Ужаснее всего не то, что эти вещи происходили. Я отдаю себе отчет, что сексуальные домогательства и лицемерие, как любовь и ревность, универсальны. Невыносимым казалось то, что эти вещи замалчивали и не признавали публично. Вот что до сих пор кажется мне невыносимым. Полоскать грязное белье – так мы это называли. В четырех стенах, попивая кофе, мамины подруги рассказывали о девочках, которым до брака восстанавливали девственность, накладывая швы. Скандалы случались постоянно, но сверху все это было прикрыто гладким глянцевым фасадом и невинно-розовыми выдумками. Защитная ложь была важнее правды.

Пройдет много десятилетий, и мне будет проще дать отпор дружинникам, патрулирующим улицы Тегерана, чем уснуть ночью в одиночестве. Будь хаджи-ага Гассем жив сейчас, смогла бы я взглянуть ему в глаза?
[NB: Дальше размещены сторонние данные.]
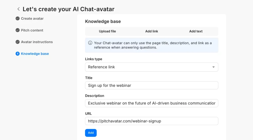 On the fourth screen, teach your avatar what it needs to know. Add any information you want it to use when assisting people:
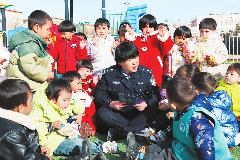 民警向小朋友講解法律知識(shí)。3月3日,隴西縣公安局西郊派出所民輔警走進(jìn)幼兒園,開(kāi)展法治宣傳和安全教育。新甘肅·甘肅法治報(bào)通訊員朱艷霞攝
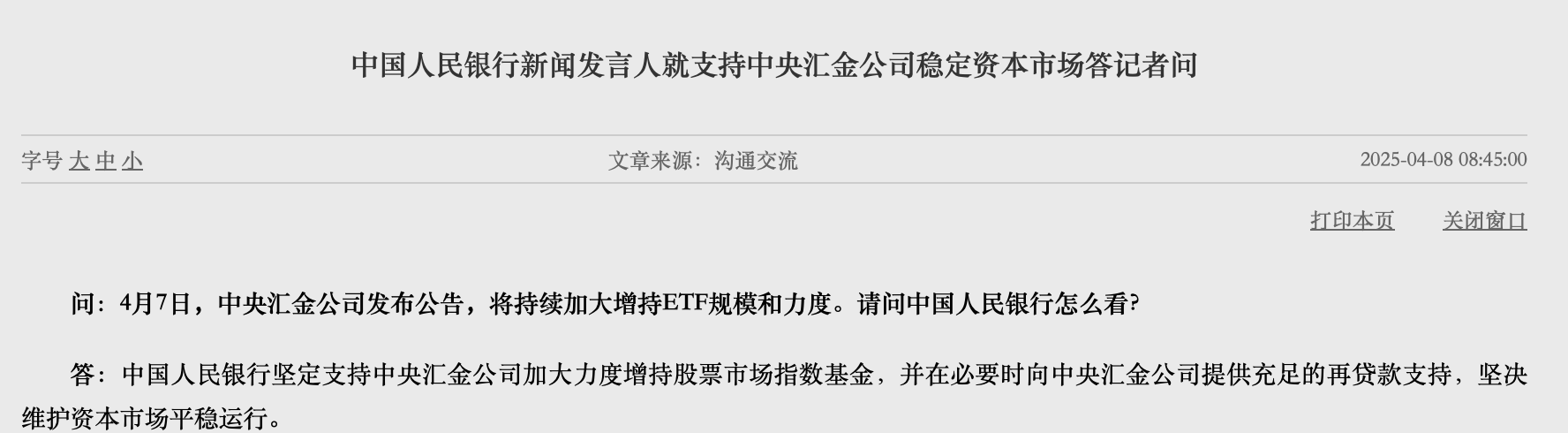 4月8日,中國人民銀行新聞發言人就支持中央匯金公司穩定資本市場答記者問表示,中國人民銀行堅定支持中央匯金公司加大力度增持股票市場指數基金,并在必要時向中央匯金公司提供充足的再貸款支持,堅決維護資本市場平穩運行。
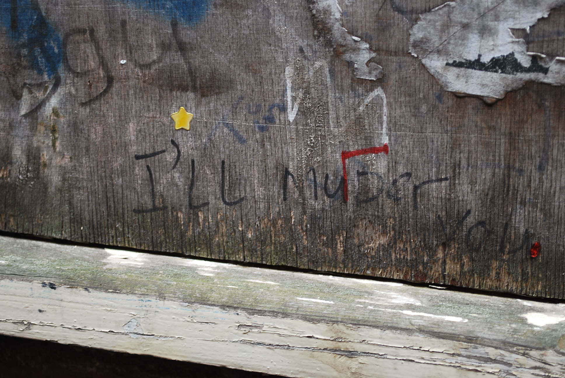 This is my first proper task firstly, I decided to use the graffiti and wall scribbles of the common (or garden) Yarco (‘Yarco’ – a tracksuit wearing, bling wielding wannabe chav from Great Yarmouth). Secondly, I planned to improve them grammatically by replacing missing apostrophes and forgotten commas. My aim was to improve the standard of graffiti that adorns our town and hopefully create a new generation of scribblers who can express their insults with some degree of sophistication.
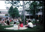 Slide (35mm): Spectators sitting in the grass, on blankets and chairs, during Earth Music Fest, University of North Florida, Jacksonville, Florida. A band setting up on the right, outside building 10. Building 1 in the background. Date: April 14, 1984
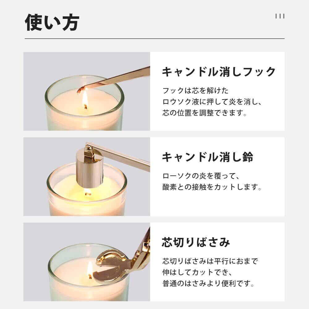 Surieen ろうそく火消 しろうそく はさみ 芯切りはさみ キャンドルトリマー 芯切り アロマランプ家庭用 ろうそく消 仏壇用キャンドルアクセサリーキャンドル火消しツール3点セット
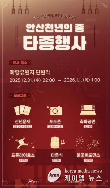 (케이엠뉴스) 안산시는 오는 31일 오후 10시부터 화랑유원지 단원각에서 ‘2026 안산 천년의 종 타종 행사’를 개최한다고 30일 밝혔다.
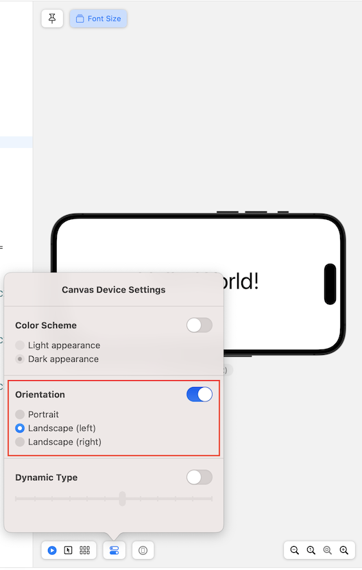 【XCode】SwiftUIにおけるプレビューの回転方法 SwiftUI 2023.08.19 この記事は約1分で読めます。 SwiftUIを使用する際のCanvas上でプレビューを回転する方法を紹介します。 目次 手順1.プレビュー画面の下側にスイッチのようなボタンがあります。選択すると『Canvas Device Setting』というメニューが開きます。2.「Orientation」のトグルを有効にして、Landscapeを選択するとプレビューを回転させることができます。 手順 1.プレビュー画面の下側にスイッチのようなボタンがあります。選択すると『Canvas Device Setting』というメニューが開きます。 2.「Orientation」のトグルを有効にして、Landscapeを選択するとプレビューを回転させることができます。
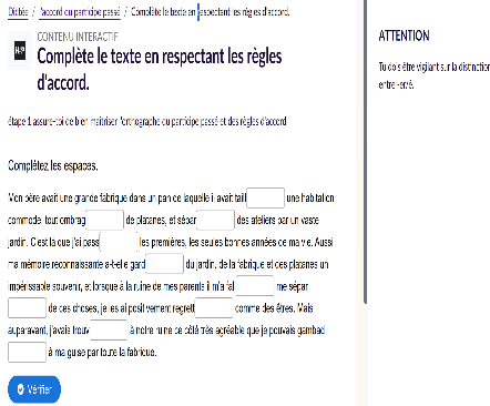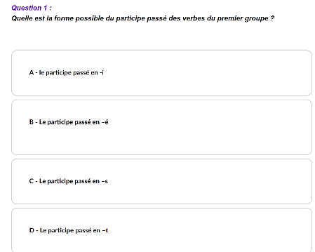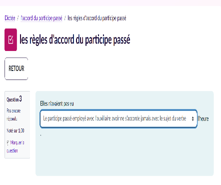 L’activité 1 QCM vérifie que l’élève maîtrise les formes du participe passé. L’activité 2 TEST vérifie la maitrise des règles d’accord avec une relecture de la correction comme restriction. L’activité 3 H5P Fill in the blanks est la mise en pratique des rappels précédents.
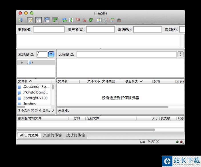 首先,自然是要下载 Filezilla for mac中文破解版,下载安装之后,首次打开将会使下图所示的界面。
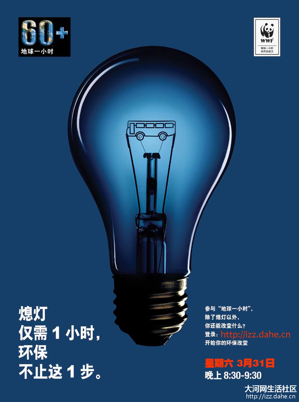 2012年“地球一小时”活动将于3月31日周六晚8时30分至9时30分举行,我们倡议请您熄灯一小时。
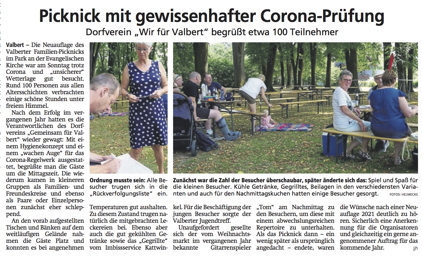 Bei strahlendem Sommerwetter trafen sich die Valberter im Kirchpark und genossen das Picknick, bei selbst mitgebrachtem Essen, leckeren Würstchen vom Grill und kühlen Getränken, sichtlich.
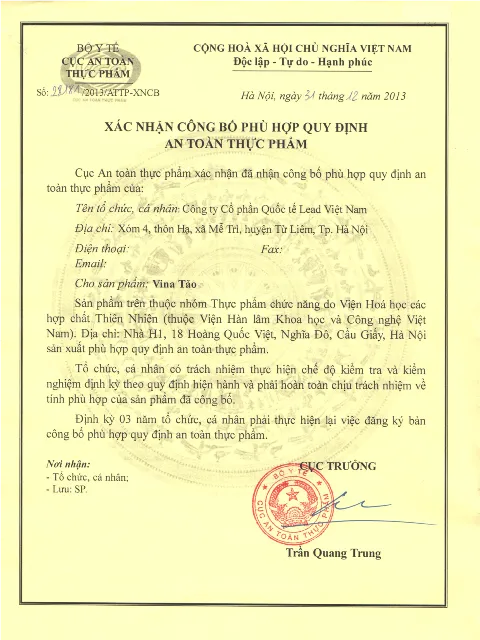 Số XNCB: 28181/2013/ATTP-XNCB
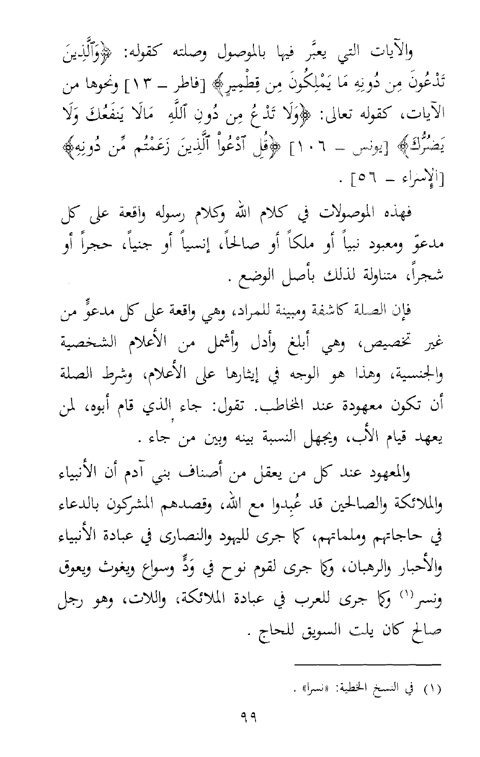 فهذه الموصولات في كلام الله وكلام رسوله واقعة على كل مدعوّ ومعبود نبياً كان أو ملكاً أو صالحاًَ، إنسياً أو جنياً، حجراً أو شجراً، متناولة لذلك بأصل الوضع.
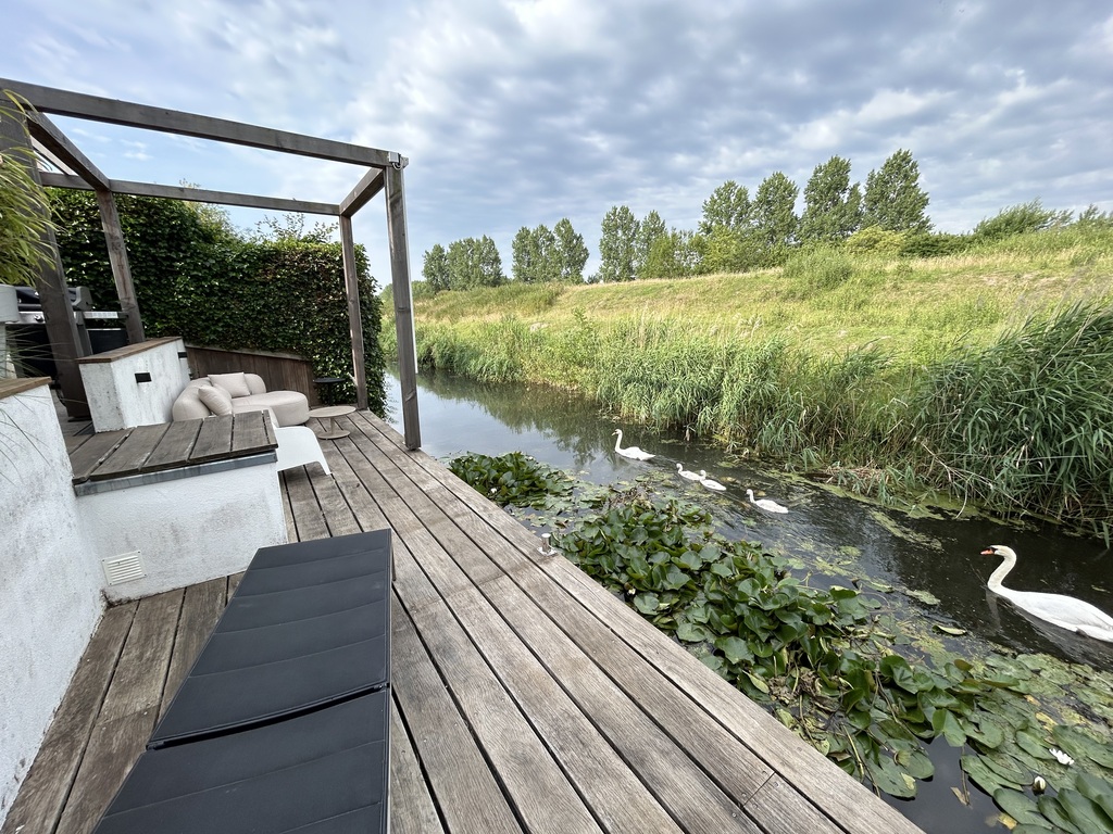 The house, built under architecture in 2010 has 4 rooms, a unique living with high ceilings, a fireplace and tv corner. In our kitchen you will find all modern kitchen equipment (steamer, cooker, grill). The brand new garden with deck near the water overlooking the sheep on the historical location (the defence line of Amsterdam called 'Geniedijk' gives you an extra holiday feeling. The garden is also a great place to bbq. We have three bedrooms and a study; all brand new. Next to our house there is a parc. A few hundred meters from our house, you have a golf course (called ‘Haarlemmermeersche Golfclub’).
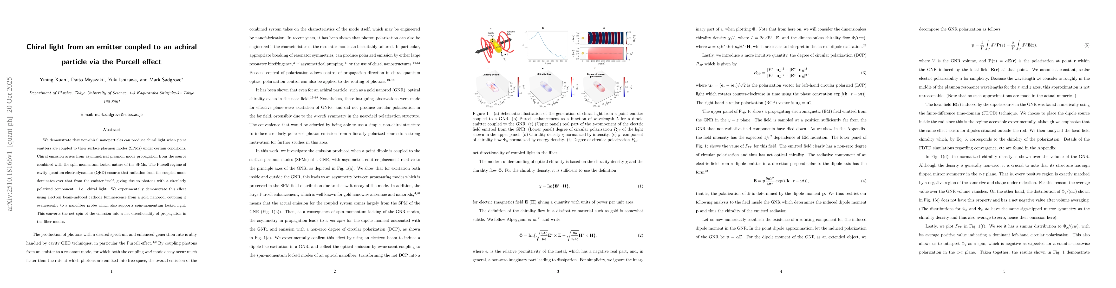 We demonstrate that non-chiral nanoparticles can produce chiral light when point emitters are coupled to their surface plasmon modes (SPMs) under certain conditions. Chiral emission arises from asymmetrical plasmon mode propagation from the source combined with the spin-momentum locked nature of the SPMs. The Purcell regime of cavity quantum electrodynamics (QED) ensures that radiation from the coupled mode dominates over that from the emitter itself, giving rise to photons with a circularly polarized component -- i.e. chiral light. We experimentally demonstrate this effect using electron beam-induced cathode luminescence from a gold nanorod, coupling it evanescently to a nanofiber probe which also supports spin-momentum locked light. This converts the net spin of the emission into a net directionality of propagation in the fiber modes.
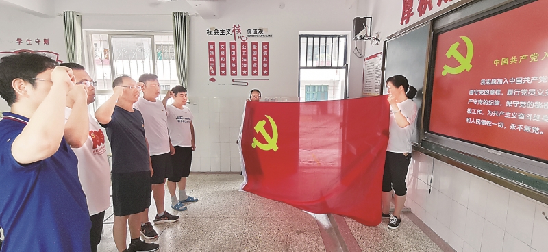 “各位父老鄉(xiang) 親(qin) ,凡是在這兒(er) 的共產(chan) 黨(dang) 員、共青團員全部站到前麵來!咱要成立一個(ge) 臨(lin) 時黨(dang) 支部!”升旗儀(yi) 式上,衛輝市汲水鎮徐莊社區黨(dang) 支部副書(shu) 記趙虎向現場群眾(zhong) 發出號召,“黨(dang) 員、團員在關(guan) 鍵時刻衝(chong) 得上去、危難關(guan) 頭豁得出來。”經過現場報名和統計,安置群眾(zhong) 中的12名黨(dang) 員和6名共青團員主動站了出來,在學校黨(dang) 委的組織下,成立了中共新鄉(xiang) 市第一中學委員會(hui) 第11黨(dang) 支部。
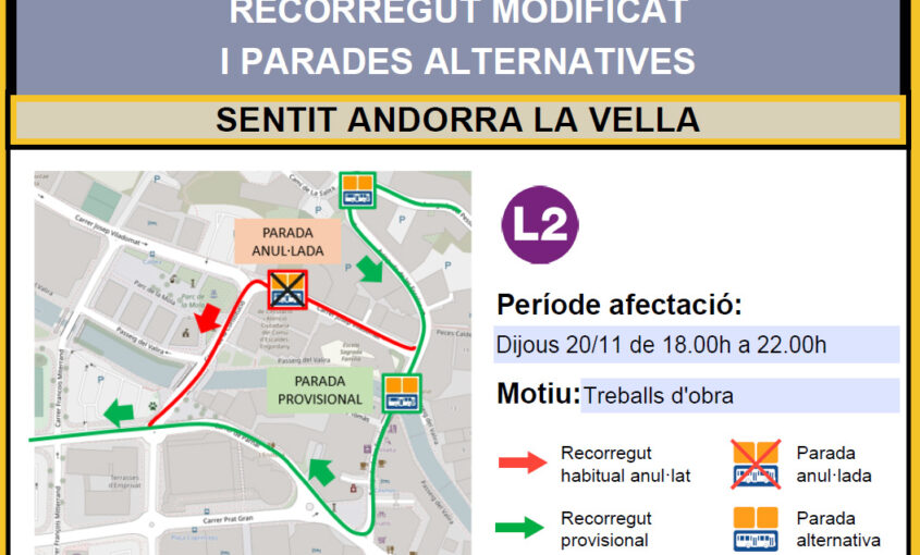 Tallat el Carrer Viladomat el dimarts 11 El proper dimarts 11 de novembre el Carrer Viladomat estarà tallat al trànsit de les 9.30h a les 13.30h a causa d’unes obres en aquesta zona. Els busos de la L2, en sentit Andorra la Vella, circularan per l’Avinguda de les Escoles, on hi haurà una parada provisional,
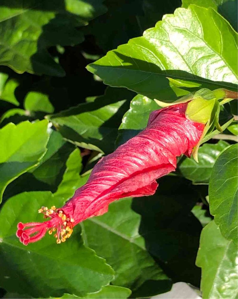 そう言われてみれば、普通なら蕾ではシベは見えないですよね😢 もしかして、ハイビスカスは一日花だから、蕾ではなく花を閉じたところなんでしょうかねぇ⁉️
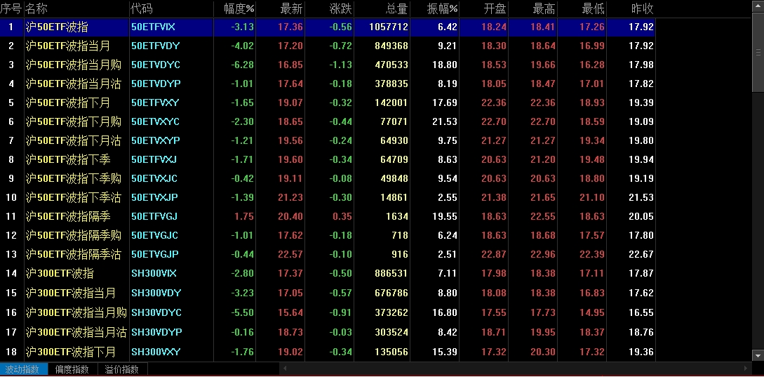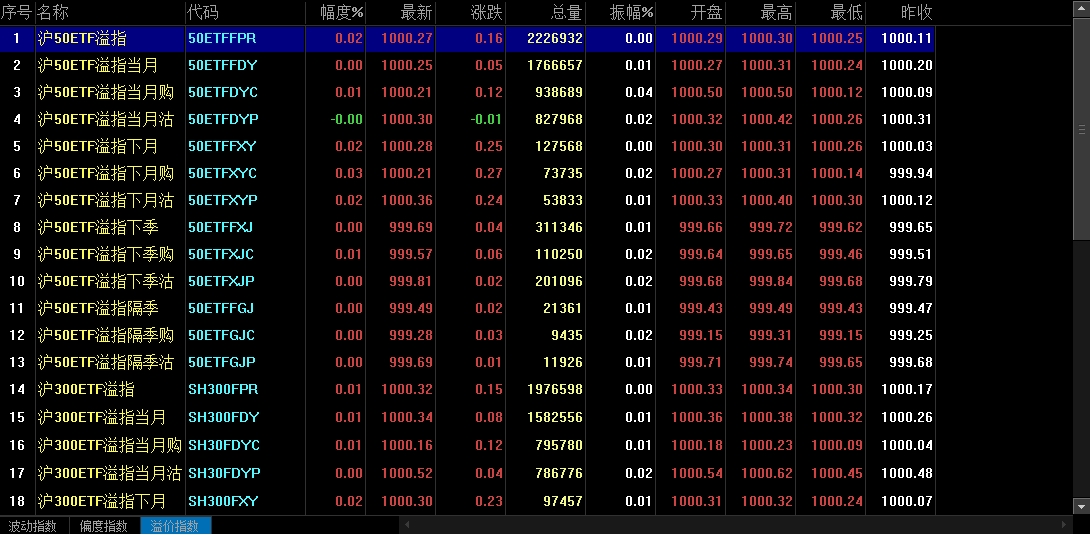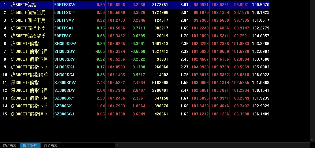 波指模块包涵了:波动指数、偏度指数、溢价指数

Личные страхи и эмоции подчас сильнее коллективной угрозы. Держа все в секрете, мы лелеем их, как злокачественную опухоль. Если хочешь от чего-то избавиться, нужно сначала заговорить об этом, а чтобы заговорить, надо признать, что проблема существует. Я могла говорить о политической несправедливости и противостоять ей, но о случившемся в тот день в родительском саду – не могла. И в течение многих десятилетий, уже после того, как я достигла совершеннолетия, секс являлся для меня актом подчинения, формой удовлетворения другого человека, в которой я не имела значения. В течение многих десятилетий я испытывала необъяснимый гнев на родителей, особенно на мать, за то, что меня не защитили. При этом мой гнев не был лишен иронии: она же пыталась защитить меня, запрещая встречаться с мальчиками моего возраста, но доверяла взрослым мужчинам и восхищалась их «силой характера», а они-то в итоге мне и навредили.

Глава 7. Смерть в семье

После смерти маминого отца мои родители еще долго размышляли о том, как все могло бы сложиться, проживи он дольше. Размышляли каждый со своей точки зрения. Мать любила и одновременно презирала отца; она считала своим долгом поддерживать с ним отношения на уровне видимости – встречаться раз в неделю, звонить через день, быть вежливой с его второй женой и демонстрировать свою обиду многозначительными молчаниями. И вдруг его не стало.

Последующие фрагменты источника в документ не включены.